→ **Activity**
Write out word for word the lines from the one holding "9月8日,陈业嘉在服贸会文化体育融合展区北京市风筝协会展台摆放风筝。 新华社记者 张笑宇" through the end of the data, and only those lines. Pictures stay out.

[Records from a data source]
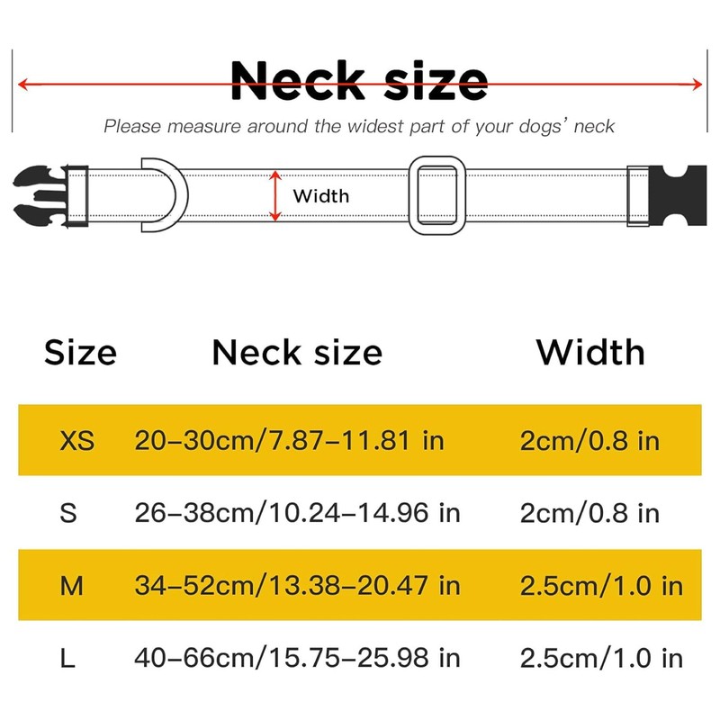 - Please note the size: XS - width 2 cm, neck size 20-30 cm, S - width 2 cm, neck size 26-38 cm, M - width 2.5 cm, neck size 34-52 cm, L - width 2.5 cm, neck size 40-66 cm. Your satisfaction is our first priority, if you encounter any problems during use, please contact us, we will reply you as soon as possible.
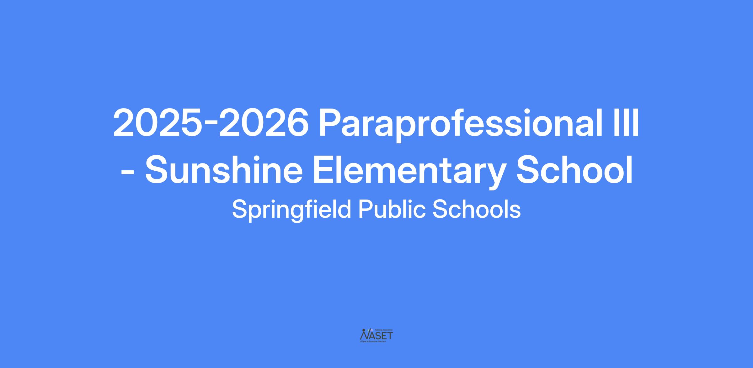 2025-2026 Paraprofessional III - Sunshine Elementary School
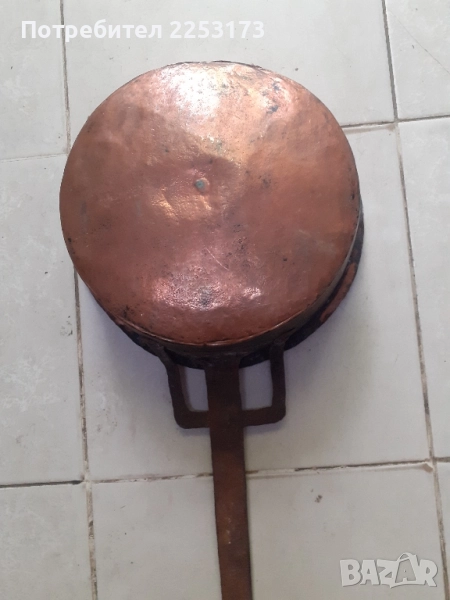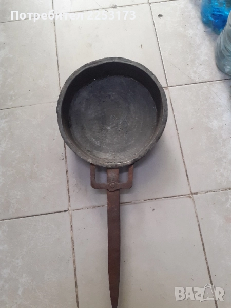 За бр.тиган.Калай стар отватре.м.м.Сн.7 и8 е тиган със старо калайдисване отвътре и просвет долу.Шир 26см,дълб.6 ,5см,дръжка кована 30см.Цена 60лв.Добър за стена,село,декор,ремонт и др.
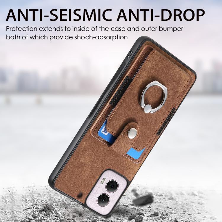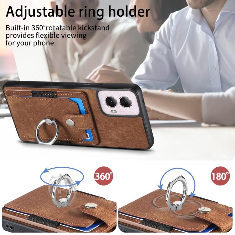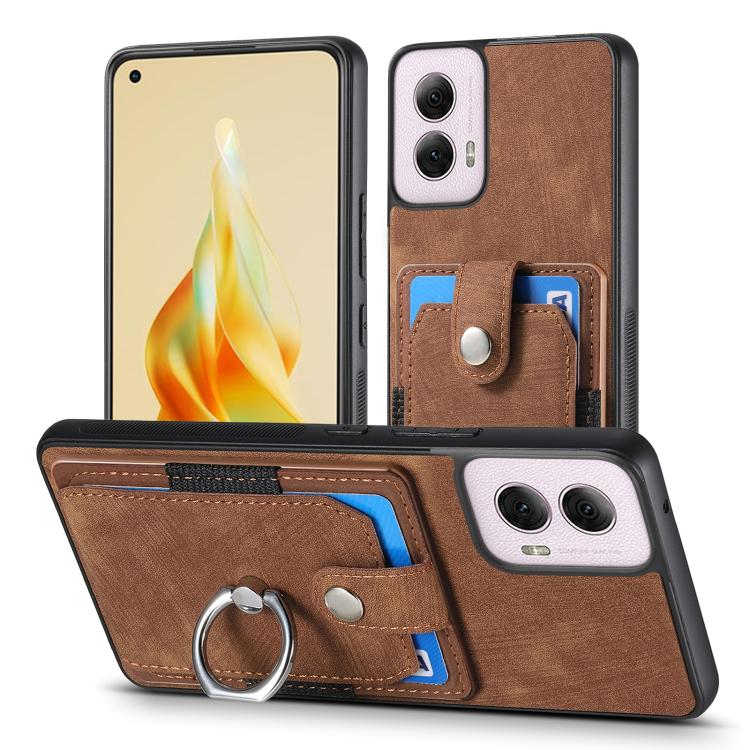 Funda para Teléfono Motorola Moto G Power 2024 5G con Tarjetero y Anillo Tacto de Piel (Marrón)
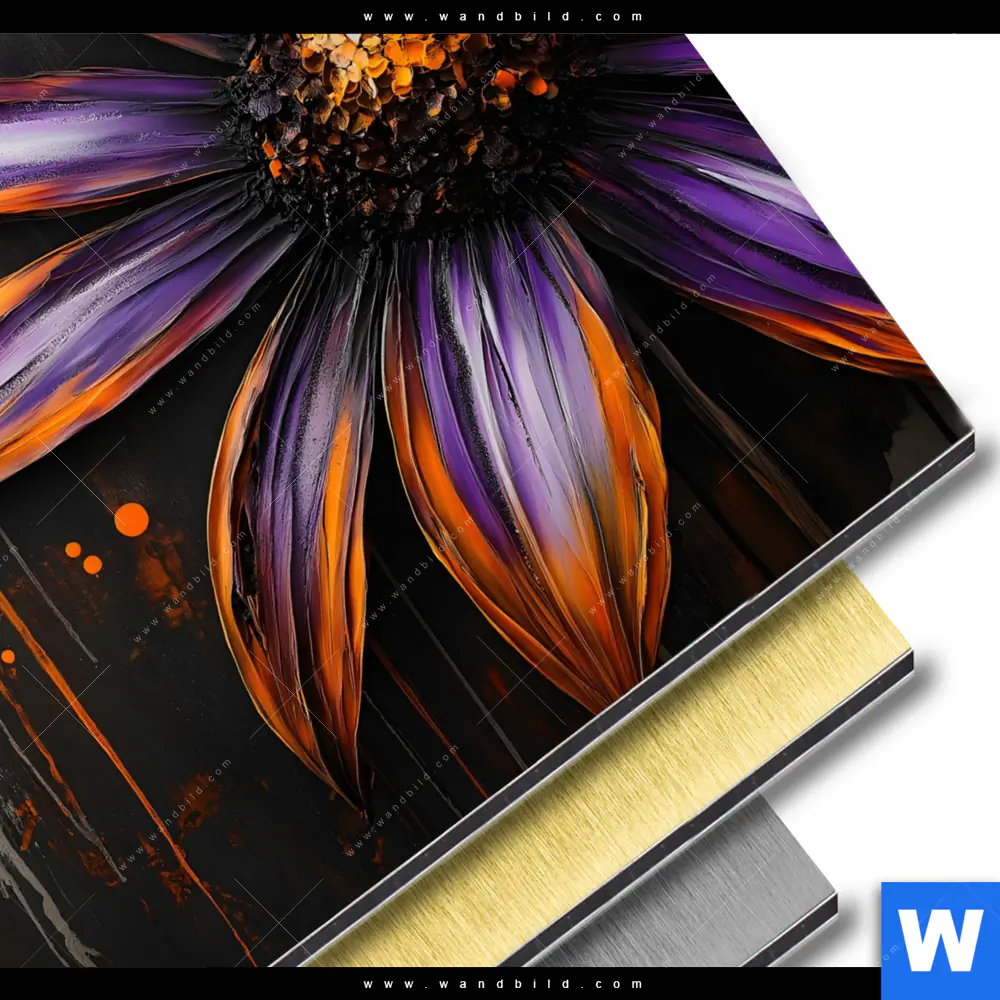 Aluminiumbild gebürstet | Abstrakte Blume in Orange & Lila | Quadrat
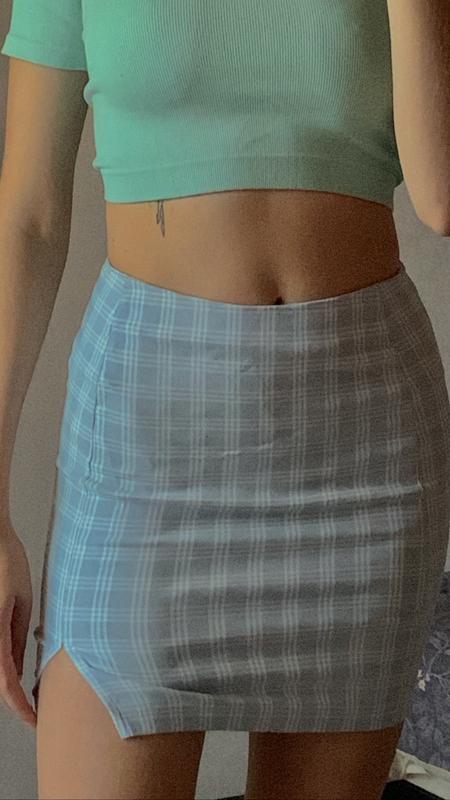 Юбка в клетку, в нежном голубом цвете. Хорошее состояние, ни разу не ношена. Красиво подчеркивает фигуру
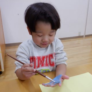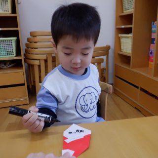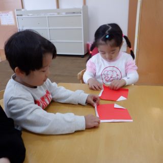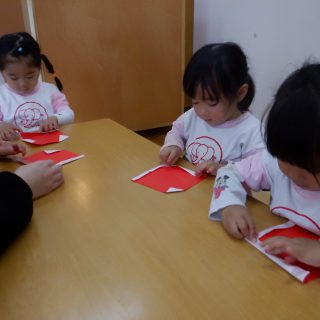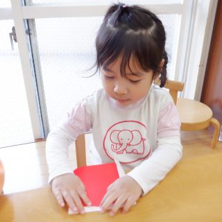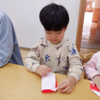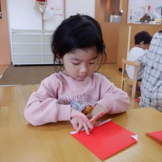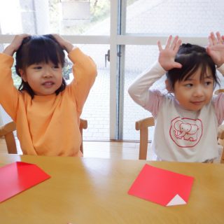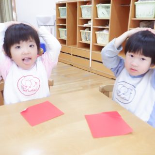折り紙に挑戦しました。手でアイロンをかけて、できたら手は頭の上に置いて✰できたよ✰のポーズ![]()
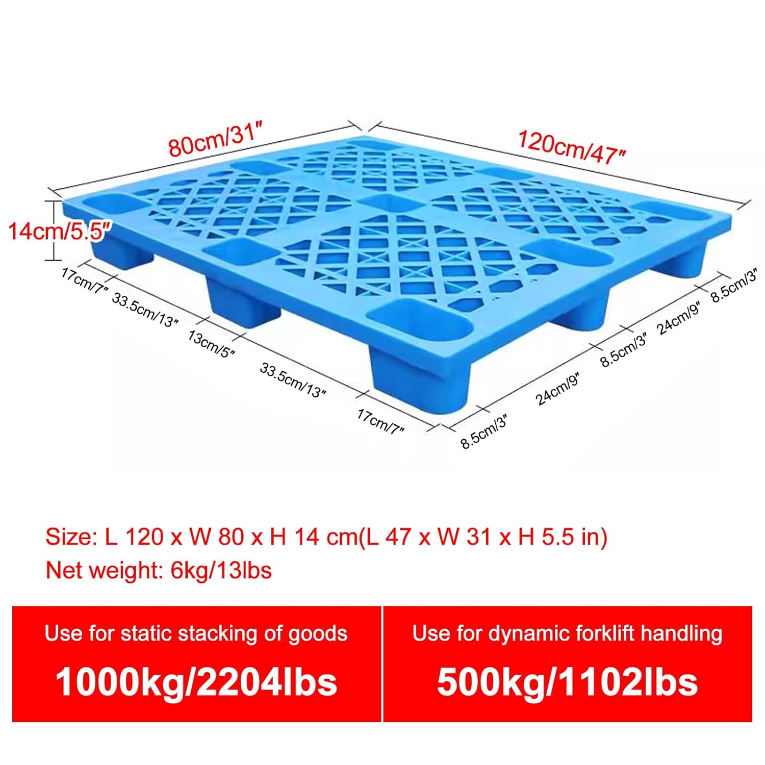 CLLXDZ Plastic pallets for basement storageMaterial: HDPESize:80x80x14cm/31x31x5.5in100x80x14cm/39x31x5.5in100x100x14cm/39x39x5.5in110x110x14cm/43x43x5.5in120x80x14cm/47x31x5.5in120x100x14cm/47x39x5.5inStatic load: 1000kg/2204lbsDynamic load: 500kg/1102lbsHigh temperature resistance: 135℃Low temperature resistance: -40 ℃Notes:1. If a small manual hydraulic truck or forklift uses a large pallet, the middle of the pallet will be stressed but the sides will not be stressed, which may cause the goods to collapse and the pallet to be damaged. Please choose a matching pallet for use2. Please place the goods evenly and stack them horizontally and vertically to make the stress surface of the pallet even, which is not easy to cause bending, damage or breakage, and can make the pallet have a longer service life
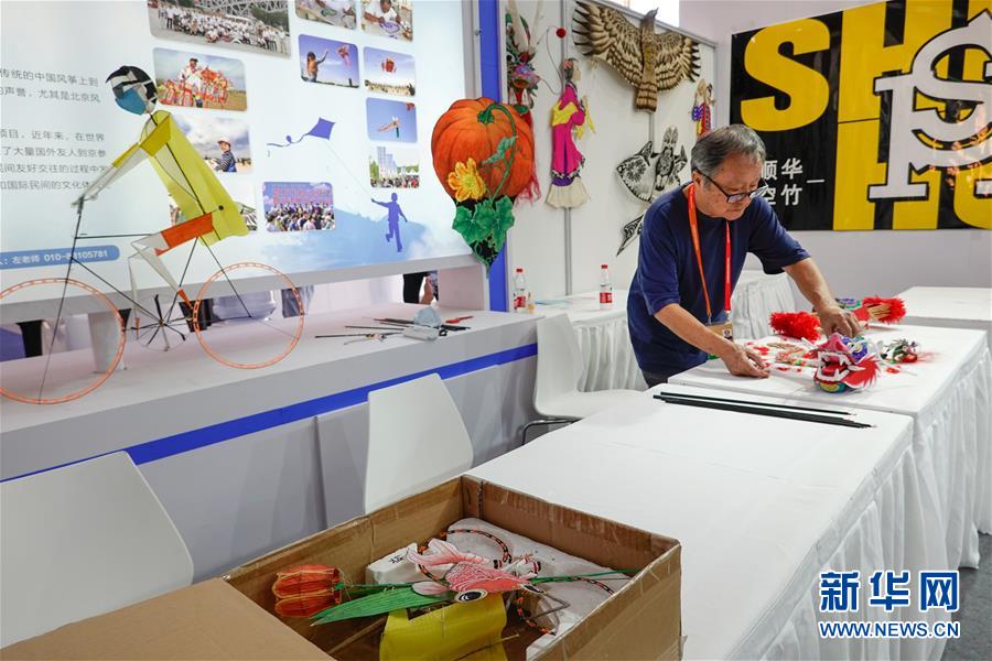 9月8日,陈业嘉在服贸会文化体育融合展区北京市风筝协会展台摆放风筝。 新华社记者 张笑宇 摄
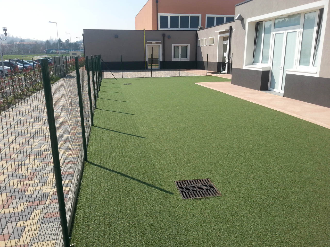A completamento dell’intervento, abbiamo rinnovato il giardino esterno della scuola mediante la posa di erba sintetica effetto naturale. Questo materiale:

→ **Output of the exercise**
 9月8日,陈业嘉在服贸会文化体育融合展区北京市风筝协会展台摆放风筝。 新华社记者 张笑宇 摄
A completamento dell’intervento, abbiamo rinnovato il giardino esterno della scuola mediante la posa di erba sintetica effetto naturale. Questo materiale:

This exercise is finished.